The traditional lecture style of teaching is exquisitely effective at knowledge transfer from instructor to student. Most science courses pair lecture with a laboratory component in which the students learn the hard skills of technique. The question emerges of where to include the teaching of analysis, teamwork, problem solving, graphic literacy, and application of information in science curriculum. Could a shift to include more active learning in the lecture promote critical thinking and science as a “way of knowing” (Moore, 1993) instead of as a body of disconnected facts?
For instructors to know their pedagogy is effective at skill-based education, they must include skill-based assessment in the course. One way to do this is to include skill-based assessment on exams. Further, for courses in which the dominant method of student assessment is exams, students perceive the test as the ultimate reflection of value in a course. Therefore, though we want to avoid the trap of “teaching to the test”; instructors should represent on the tests the material that they want the students to see value in. In short, assessment should match pedagogy (Crowe, Dirks, & Wenderoth, 2008).
One of the many ways that exams can be used to assess cognitive skills is by applying Bloom’s taxonomy categories to exam questions (Bloom et al., 1956/1964; Crowe et al., 2008; Lauer, 2005). The skills of memorization, recall, and understanding are generally considered lower order cognitive skills (LOCS), whereas the critical thinking skills of application of knowledge, data, or graphical analysis and deeper conceptual understanding are considered higher order cognitive skills (HOCS; Crowe et al., 2008). To the goal of matching assessment to pedagogy, if the students understand that skill-based assessment is on their exams, they see improvement of their critical thinking skills as an educational goal. Adding Bloom’s categories to exam questions can therefore be beneficial both for the students as well as for the instructor.
This study took place at a large R1 institution with approximately 14,000 enrolled undergraduates in the northeastern United States. Data presented here will compare two introductory biology courses. The central course examined (Introductory Biology for Allied Health Students) is open to allied health majors and nonmajors (students majoring in nonscience fields). Of the 155 total students enrolled, 23% were nonscience majors and 77% were allied health majors. This course involved 3 hours of lecture per week and one 2-hour laboratory session that met 10 weeks of the semester. A course used for comparison is open to students majoring in biology and other science fields. This course enrolled 312 students and involved 3 hours of lecture and 3 hours of lab per week. The majority of enrolled students in both courses were in the first year of their college education.
These courses employed the digital exam platform, ExamSoft.
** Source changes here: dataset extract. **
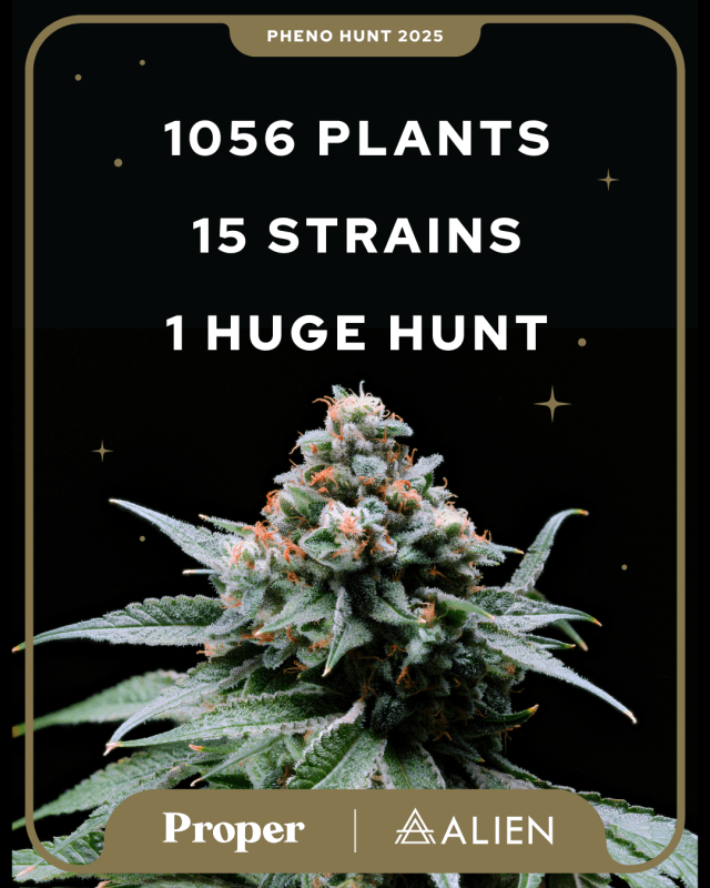 The Proper x Alien Genetics pheno hunt marks the beginning of an exciting collaboration between two leaders in cannabis innovation, merging Proper’s cultivation excellence with Alien Genetics’ storied legacy.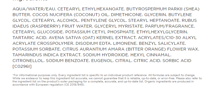 A moisturizing body lotion, formulated with 88% natural ingredients including ultra-nourishing Shea Butter, soothing Organic Raspberry water, gently exfoliating Tamarind pulp acids and visibly firming Organic Oat sugars—that soften and intensely hydrate even very dry skin for long-lasting comfort. Body Lotion is enriched with naturally-sourced ingredients that boost hydration and protect the skin from the dehydrating effects of sun, cold, heating, and air-conditioning.

This tool allows for digital exams to be built and deployed via their website; the encrypted exam file then appears within an app on the student’s device. Exams are taken via the app, and scores and feedback are distributed to students. The novel feature of the ExamSoft platform is the ability for the instructor to tag the question with category tags as designated. In these courses, instructors utilized both content tags (i.e., cellular respiration) as well as Bloom’s taxonomy tags (Bloom’s categories assigned consistent with criteria outlined in Crowe et al., 2008). When the students receive their scores, they also receive a detailed report, called a Strengths and Opportunities report, which gives them their average performance by category. Average results for the class were discussed in the lecture meeting immediately after the exam, and general recommendations and feedback were issued to the class as a whole. In addition, the instructors offer individual appointments available to the students throughout the semester, and many students utilized these appointments to discuss their Strengths and Opportunities report and receive recommendations for alternative study strategies to strengthen performance in individual Bloom’s categories (Crowe et al., 2008).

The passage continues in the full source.